→ EXTRACTED RECORDS:

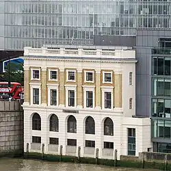 The original Glaziers Hall was burnt down during the Great Fire of London in 1666. The current Hall was acquired and refurbished in 1977. It is located on the south side of London Bridge on Montague Close in the London Borough of Southwark and has views over the River Thames towards the City of London.
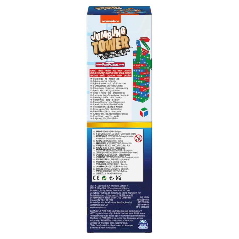 Sturdy colorful wood pieces are the perfect size for little hands Play alone or with friends A great gift for any Nickelodeon PAW Patrol fan PAW Patrol Jumbling Tower Game is for ages 4+ Includes: 48 wood pieces, 1 die, complete instructions
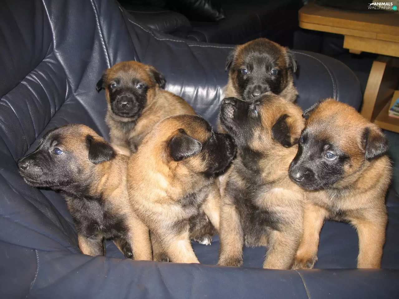 Belgian Shepherd Malinois, six, puppies
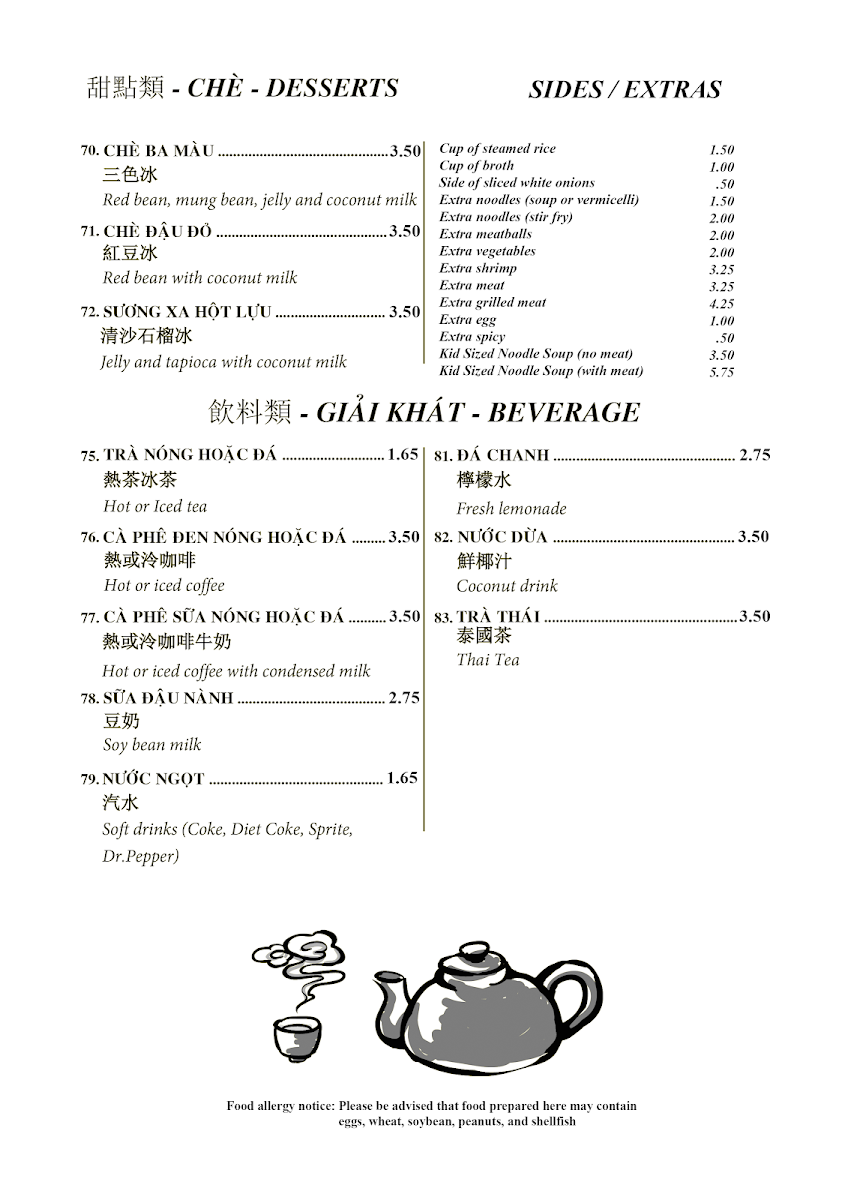 Vermicelli with your choice of grilled pork, chicken, or beef on a bed of bean sprouts and lettuce, topped with peanuts, green onions, and pickled cabbage/carrots.
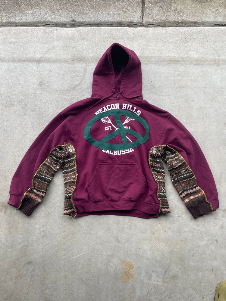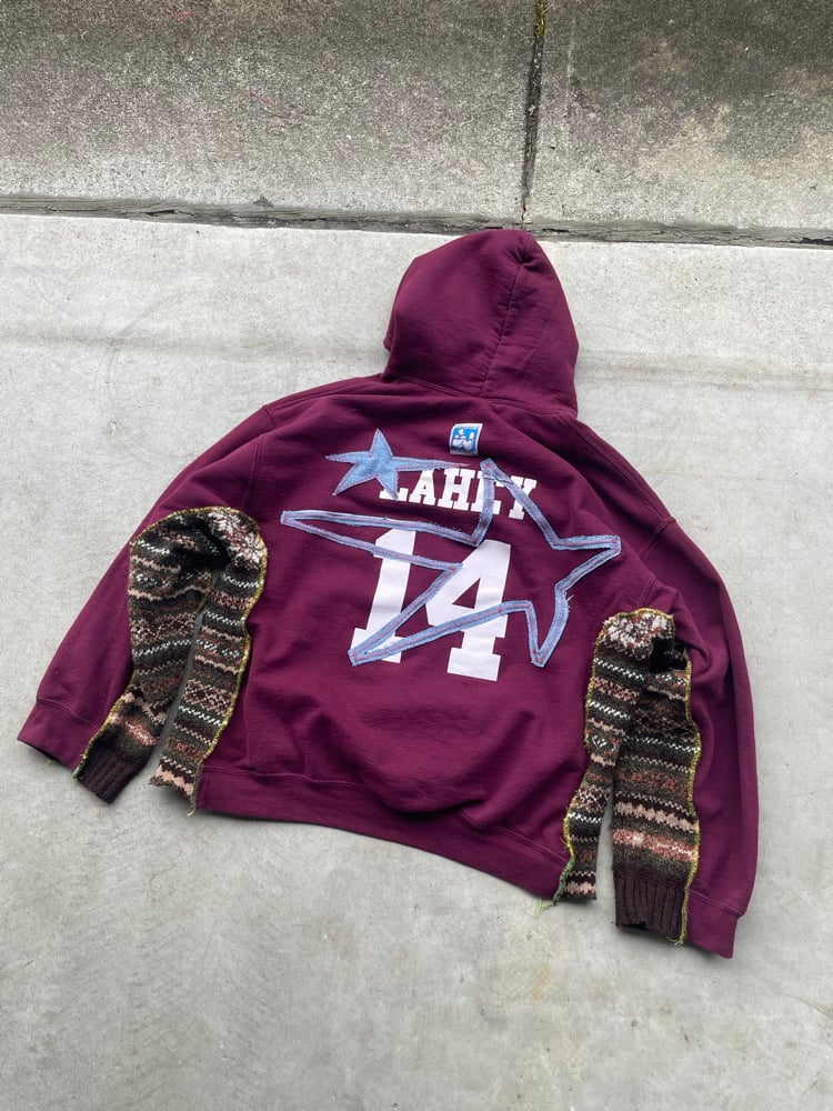 Size Large/XL. A combination of hoodie and knit sweater, with denim appliqué design on front and back.

→ EXERCISE:
Exactly the lines from the one that contains "Vermicelli with your" through the final line of the records above are needed, given again word for word, with every picture left out.

→ ANSWER BOX:
 Vermicelli with your choice of grilled pork, chicken, or beef on a bed of bean sprouts and lettuce, topped with peanuts, green onions, and pickled cabbage/carrots.
 Size Large/XL. A combination of hoodie and knit sweater, with denim appliqué design on front and back.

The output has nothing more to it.